Bupropion inhibits nAChRs on VTA dopamine neurons. a) Bath application of 1 μM nicotine increases action potential frequency (n = 7). b) In slices pretreated with 1 μM bupropion nicotine does not alter action potential frequency in dopamine neurons (n = 4). c) Summary of average action potential firing rates in VTA dopamine neurons under different treatement paradigms. Acute application of nicotine (1μM) induced a significant increase in action potential activity relative to pre-nicotine baseline activity (n = 7, * p<0.05 by paired t-test). In acute tests of bupropion’s effects on action potential activity, baseline firing rate was sampled and averaged over 2 min immediately prior to 1 μM bupropion, which was perfused for at least 20 min prior to sampling the frequency for another 2 min.

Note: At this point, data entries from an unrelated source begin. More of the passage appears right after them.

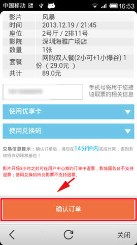 4)选择好座位后点击“立即购票”,还可以选择零食哦,选择好后点击“确认订单”,最后支付方式选择支付宝,输入你的支付宝钱包密码,那么电影票就购买成功了。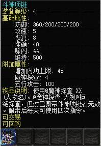 2件新装备属性强劲以外,斗神项链还首次开放每天四次侦查斗神项链,让您的对手无处遁形!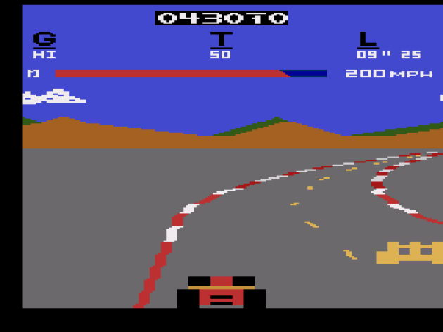 For those who think I hunt these games for sport, trust me, I don’t. In fact, I feel pretty awful doing this review. If I had known zero about the Atari 2600 but retained all my arcade knowledge, and you provided me with a list of coin-op translations on the platform, I might have guessed Pole Position would be the one that suffered the most on the journey home. Before I fired this up, I predicted “there’s no way the sense of speed was retained. None” But, it’s actually here. In fact, the feeling that you’re in a car that’s zooming down a track is so strong that I was genuinely stunned. Completely, utterly stunned. It’s also really kind of smart how they handled having only one button: the gas is just automatic. Yea, really. Up and down shift gears, while the action button handles the breaks, and as my Dad said, “maybe that’s a smart idea, since you actually remembered there was a break and you could use it. There really is a first time for everything!” He’s such a delight. It’s a really impressive technical feat. Pole Position 2600 IS missing the billboards that you crash into if you go off the road, and the rival cars are ugly yellow.. things, but this looks and even feels like the arcade Pole Position. I couldn’t believe what I was seeing. It was one of the biggest surprises of this entire Atari project I’m doing.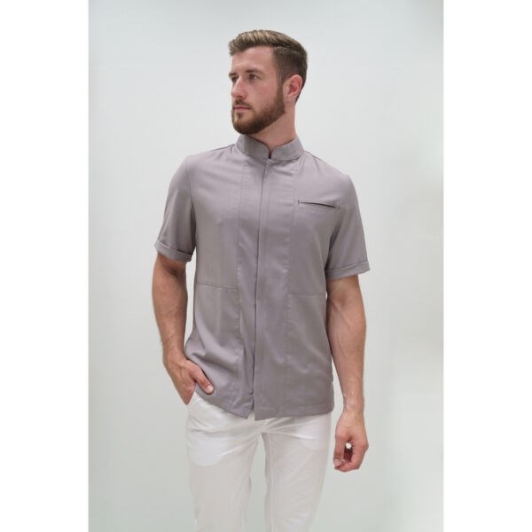 Медицинская мужская рубашка TZ700 выполнена в современном крое с воротником-стойкой и короткими рукавами. Модель с супатной застежкой на молнии и имеет два нагрудных кармана и два боковых.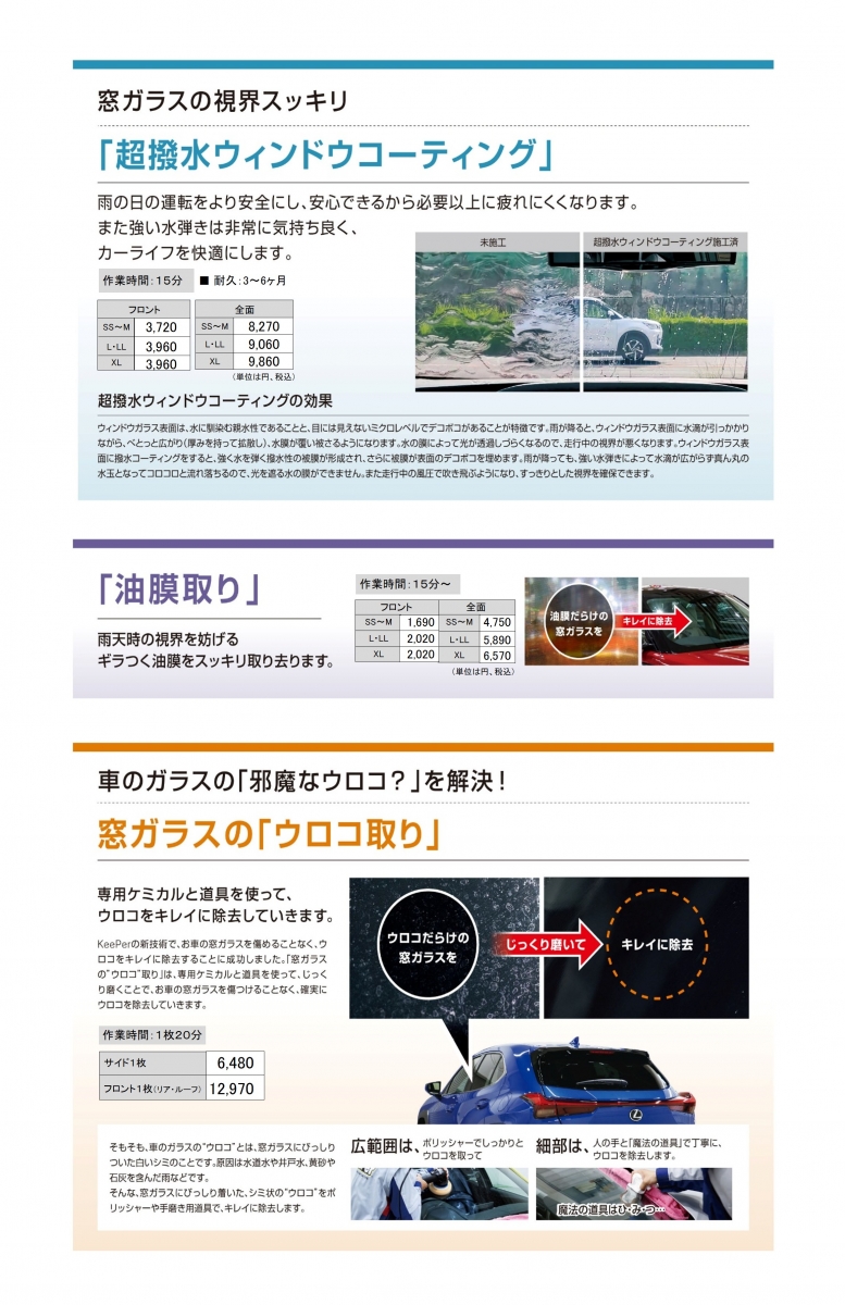 ■特長 圧倒的な撥水力で水だけでなくホコリなどの汚れの原因を水もろとも弾くので逆に車がキレイになってしまう不思議なコーティングです。その為洗車回数が減り普段のお手入れが楽になります。※定期的な洗車は必要です。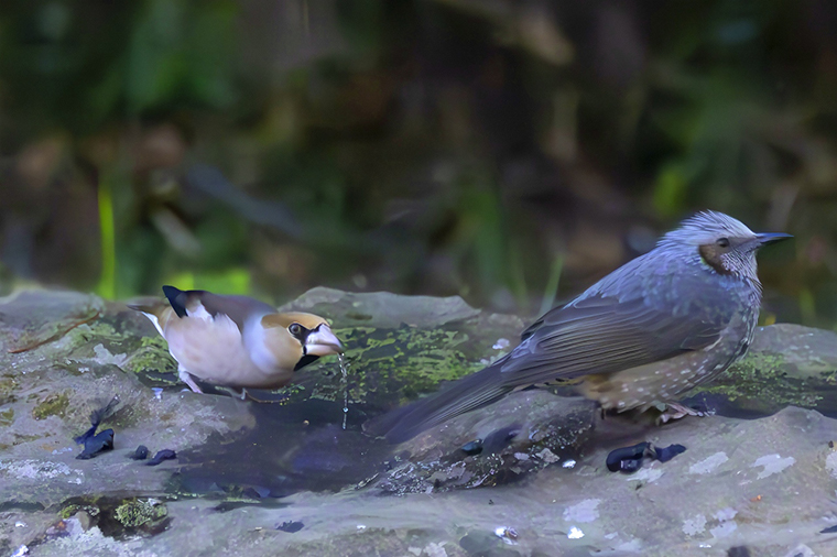 石の窪みに溜まった水を飲みに鳥たちが集まります、左がシメ、右がヒヨドリです。

Under these conditions, bupropion also a significant increase in firing rate (n=6, * p<0.05 by paired t-test), but the magnitude of the change was smaller than nicotine. d) For assessing interaction of bupropion with nAChRs directly, responses to focal application of 1 mM ACh onto VTA dopamine neurons were used. In control cells without bupropion treatment, rapid inward currents were seen in the presence of inhibitors of synaptic transmission. The lower trace illustrates the lack of response from a neuron following pretreatment with 10 μM bupropion for > 2 hrs. e) To assess the sensitivity to bupropion, slices were pretreated with with various concentrations of the drug for > 2 hrs. Summary data of the inhibition of the ACh-induced inward current by a range of bupropion concentrations. (N= 23, 22, 17, 13 for 0, 0.1, 1, and 10 μM, respectively, * p < 0.01). Note that bupropion also blocks the increase in noise induced by nicotine, as with other nAChR antagonists [20], further supporting the idea that bupropion directly inhibits nAChRs on the dopamine neurons. Recordings of membrane potential were made in amphotericin perforated-patch whole-cell current clamp mode. Recordings of the current induced by nicotine were made in normal whole-cell voltage clamp.